Started Bridge networking on vmnet0
Started DHCP service on vmnet1
Enabled hostonly virtual adapter on vmnet1
Started NAT service on vmnet8
Enabled hostonly virtual adapter on vmnet8
Started Network detection service

The important line there is Address range 192.168.250.128 to 192.168.250.254 not on net 192.168.250.1/255.255.255.0! Apparently DHCP is misconfigured.
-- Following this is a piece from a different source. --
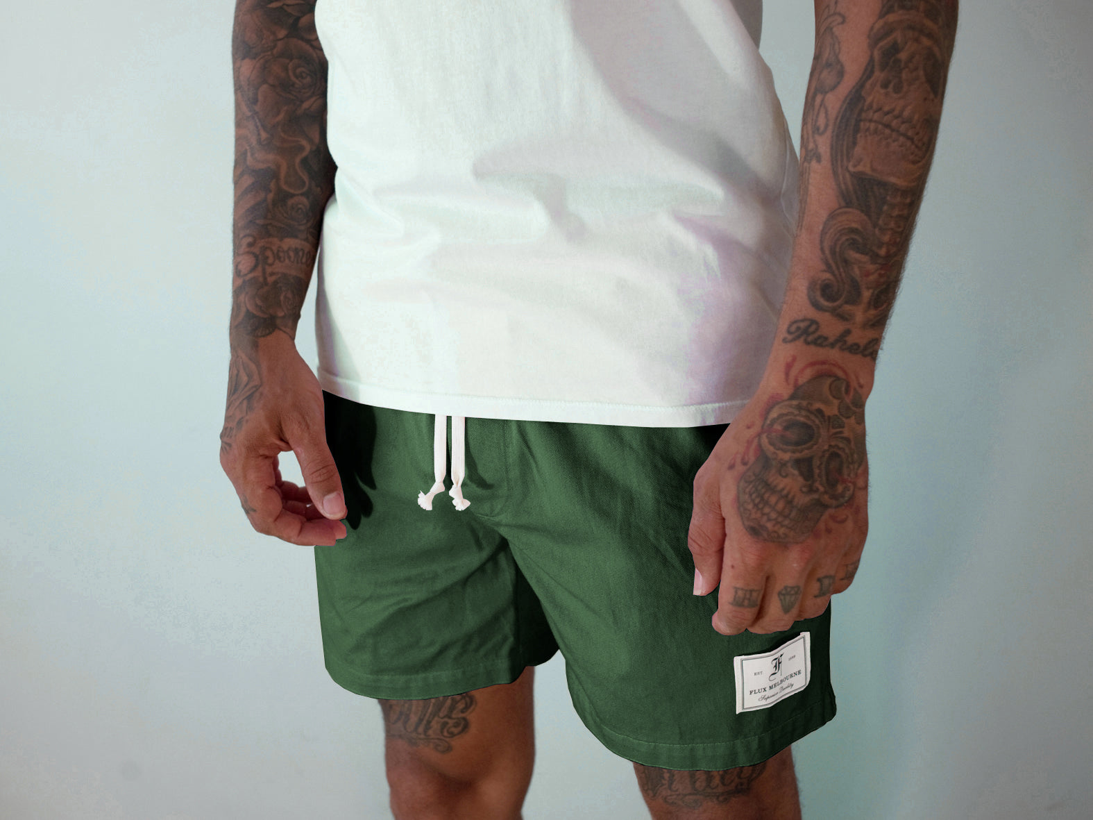 • Washed back cotton drill short. An everyday classic. Features angled side pockets, wallet back pocket, fly detail and contrast rope tie. Slim fit, pre-shrunk. Made in Melbourne.

The config file for dhcpd for vmnet8 is /etc/vmware/vmnet8/dhcpd/dhcpd.conf . Here’s what it looked like:

subnet 192.168.250.1 netmask 255.255.255.0 {
        range 192.168.250.128 192.168.250.250;
        option broadcast-address 192.168.250.255;
        option domain-name-servers 192.168.250.1;
        option domain-name localdomain;
        default-lease-time 1800;                # default is 30 minutes
        max-lease-time 7200;                    # default is 2 hours
        option routers 192.168.250.2;
}

I changed the range to 192.168.250.2 to 192.168.250.127, thinking that was the problem, but it turned out to be the “subnet” line – the subnet should be “192.168.250.0 netmask 255.255.255.0” rather than “192.168.250.1 …” After changing that, everything Worked As Intended.